Happy in Seattle...sort of
My heartsick post stemmed from me losing my two best buddies at work, both in the same week. Next week they're both moving to different teams. They'll still be on the same floor, and they'll still be my friends, but it will be different. Right now I know these two guys always have my back. I won't have that anymore.
Life goes on and since there's really nothing I can do about this situation, I have to get over it. I'm trying my best to stay positive, but it hasn't been easy. In my almost 28 years with my company, I've worked in several different areas and different cities. I've always had at least one and often two or three "best" friends at work. You know the kind of people I'm talking about. The kind where you can vent, and that you can trust 100%. The people that make you laugh when you feel like crying because you're so stressed out on your job. The people that are always there for you. Well, that's gone now. Even as I type this I feel the tears starting again (dammit anyway!).
Of course there will be new people, but I have this really strange feeling that it won't be the same. In fact, I'm positive it won't be the same. There are reasons I can't discuss here, but I know the new folks won't be my best friends, and they won't have my back.
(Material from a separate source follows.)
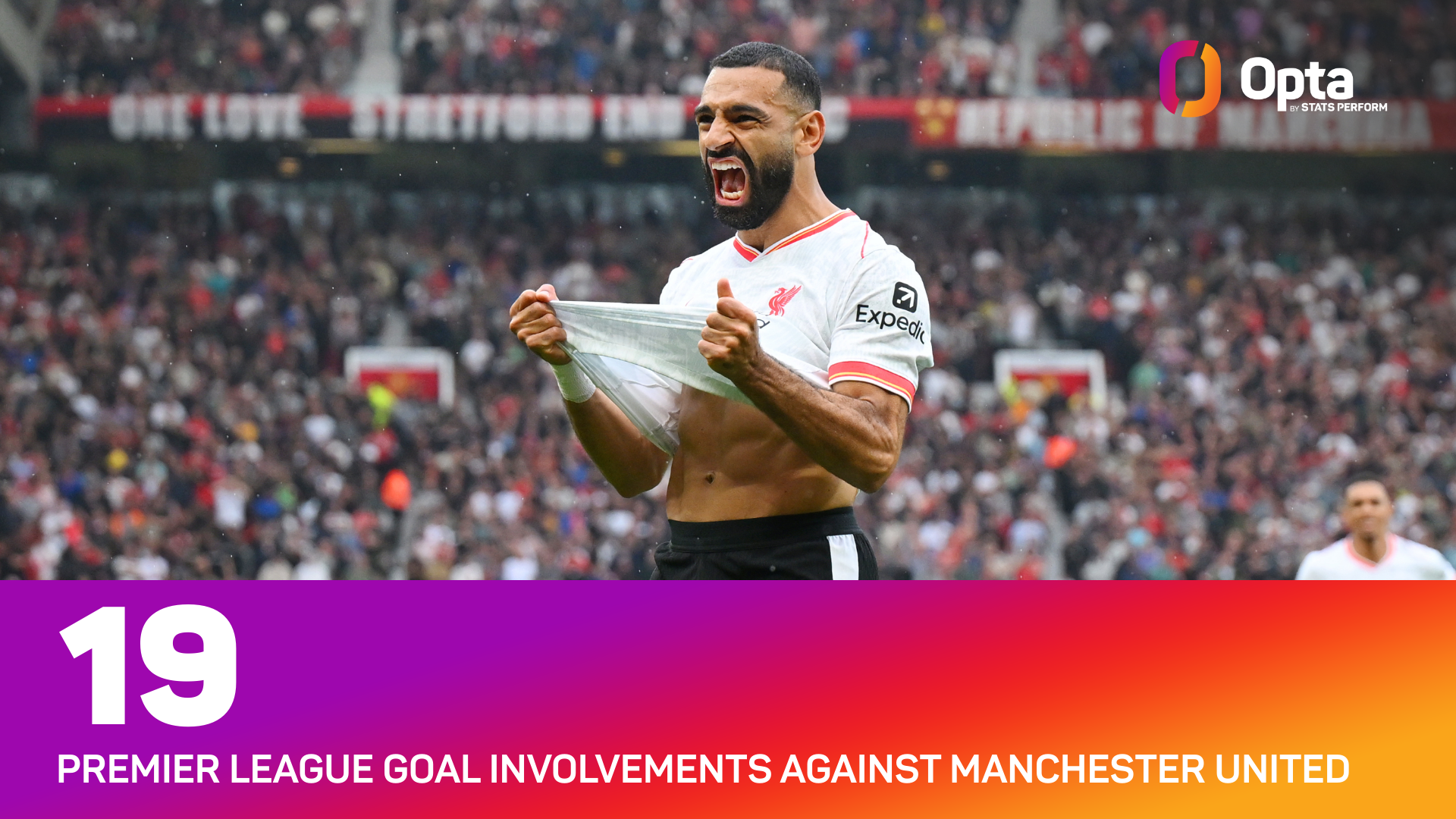 That is because Salah has more goals (13) and goal involvements (19 – 13 goals, six assists) against the Red Devils than any other player in the history of the Premier League.

Oh well, that's life, right? It's painful to accept, but like I said, it's just the way things roll. It can't be "fixed".
Moving on to the issue at hand
My biggest problem right now (outside of me boohooing about my work situation), is my weight. Another dammit anyway topic. I didn't weigh this morning, but yesterday I was 187.8. Ouch! This is totally not where I want to be, and I don't know how to stop this roller coaster I'm on.
I'm not eating junk, I'm just continuing with eating too much of the healthy foods. It's all healthy. Fresh fruits and vegetables, baked or broiled chicken breasts and fish or shrimp, whole grain bread, Fage 0% yogurt, 2% cheese in very limited quantities (28 grams a day). That's pretty much all I eat, but I EAT TOO MUCH.
Every day starts out great. A great workout at the gym (almost every day, at least I'm still doing this right). A great breakfast, a great lunch, an afternoon snack, usually yogurt and fruit. Even dinner is usually healthy and a small portion. But I'm back to eating at night, late night.
I'm pretty sure this recent stint of night eating is because when I try to sleep I think about work. I can feel myself start to get upset and not wanting to think about it, but I can't shut my brain off. I wind up getting out of bed and grazing, and my grazing usually racks up about 500 calories or more. Last night it was three slices of Dave's Killer bread at 110 calories each (I need to stop buying this stuff because it too good), two bananas and a cup of 1% milk, then later a giant bowl of fresh strawberries (the best strawberries ever). That's probably about 700 calories that was over my normal approximately 1500 calories. And I had the wise idea to skip the gym yesterday morning.
I really don't know how to get a grip on this out of control eating. I'm not eating junk, but I am eating way too much food. It's making me crazy that I feel so lost and out of control.
I guess "happy in Seattle" should probably have been titled "hopeless in Seattle".